With male pride evaporating (Oh, how we men do link our sense of self-worth to our work) along with employment security, many white men understandably vent their anger at Washington. But, once angered, many white male voters have been distracted by scapegoats, instead of focusing on the true source of their misery, changing economics.

Women and minorities, insulated by the gains many have made thanks to help from (conservatives would say "dependency on") government, gave most of their votes to Democrats again in November. White men, stoked by demagogic politicians and talk-show hosts, have been encouraged to feel increasingly like "disempowered," put-upon victims, whose problems can be blamed on other groups.

It's an old story. For centuries, poor Southern whites put up with the lowest standard of living in exchange for the right to drink from separate water fountains from black people. When the politically realistic President Lyndon B. Johnson signed away that privilege with the Civil Rights Act of 1964, he boldly declared that he had just signed away the Southern vote from his party for a generation.

It has been longer than that. Conservative Republicans have found new paper threats to enrage white malehood, including illegal immigrants, welfare mothers, Limbaugh's "feminazis" and an ever-widening circle of exaggerated definitions for "liberals."

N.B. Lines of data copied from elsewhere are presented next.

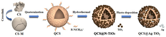 - Wang, A.; Zhu, Q.; Xing, Z. Multifunctional QuaternizedChitosan@surface Plasmon Resonance Ag/N-TiO2 Core-Shell Microsphere for Synergistic Adsorption-Photothermal Catalysis Degradation of Low-Temperature Wastewater and Bacteriostasis under visible light. Chem. Eng. J. 2020, 393, 124781. [Google Scholar] [CrossRef]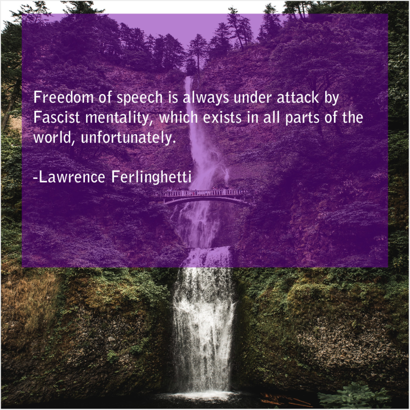 Lawrence Ferlinghetti Lawrence Ferlinghetti – Freedom of speech is always… April 21, 2019 admin “Freedom of speech is always under attack by Fascist mentality, which exists in all parts of the world, unfortunately.”-Lawrence Ferlinghetti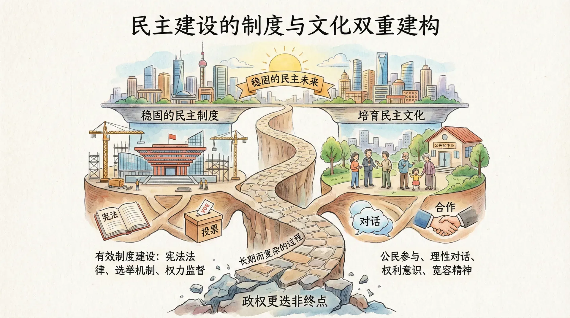 民主建设理论提醒我们,民主化不仅是政权更迭,更是制度建设和文化培育的长期过程。法治建设、制度完善、公民文化培育,都是民主巩固不可或缺的要素。

Thus, House Speaker Newt Gingrich's victorious GOP, more mindful of votes than the nation's financial future, promises conspicuously to slash Aid to Families With Dependent Children (a $16 billion price tag in 1993) but to leave the much larger and vexing matter of Social Security ($302 billion) untouched until, oh, sometime after the 1996 elections. Or maybe sometime in the next century. Why? One constituency votes, the other doesn't. Frugal Newt knows.

"Me, too," says a shell-shocked President Clinton to an ill-advised tax cut. So much for his highly successful, if under-appreciated, deficit-reduction package. With the economy humming along again, polls show more voters prefer deficit reduction than support a tax cut.

In 1992, white males split their votes about evenly for Mr. Clinton, whose centrist stance scored better with white voters than any other Democrat since Johnson in 1964. Mr. Clinton spoke effectively to the way structural changes in the domestic and global economy have buffeted America's middle class, "people who work hard and play by the rules" since the early 1970s.

I wrote then that he was "the first Democrat since Robert F. Kennedy in 1968 to bring the Bubbas, the Brothers and the Bunkers together." (That's Southern whites, urban blacks and Northern ethnics, if you're not quite following my wit.)

Now, at a time when white men are telling focus groups that they appreciate politicians with backbone, the president's seems to have turned to mush. If ever there was a chance for him to show some spine, this is it. He has little left to lose.

Clarence Page is a syndicated columnist.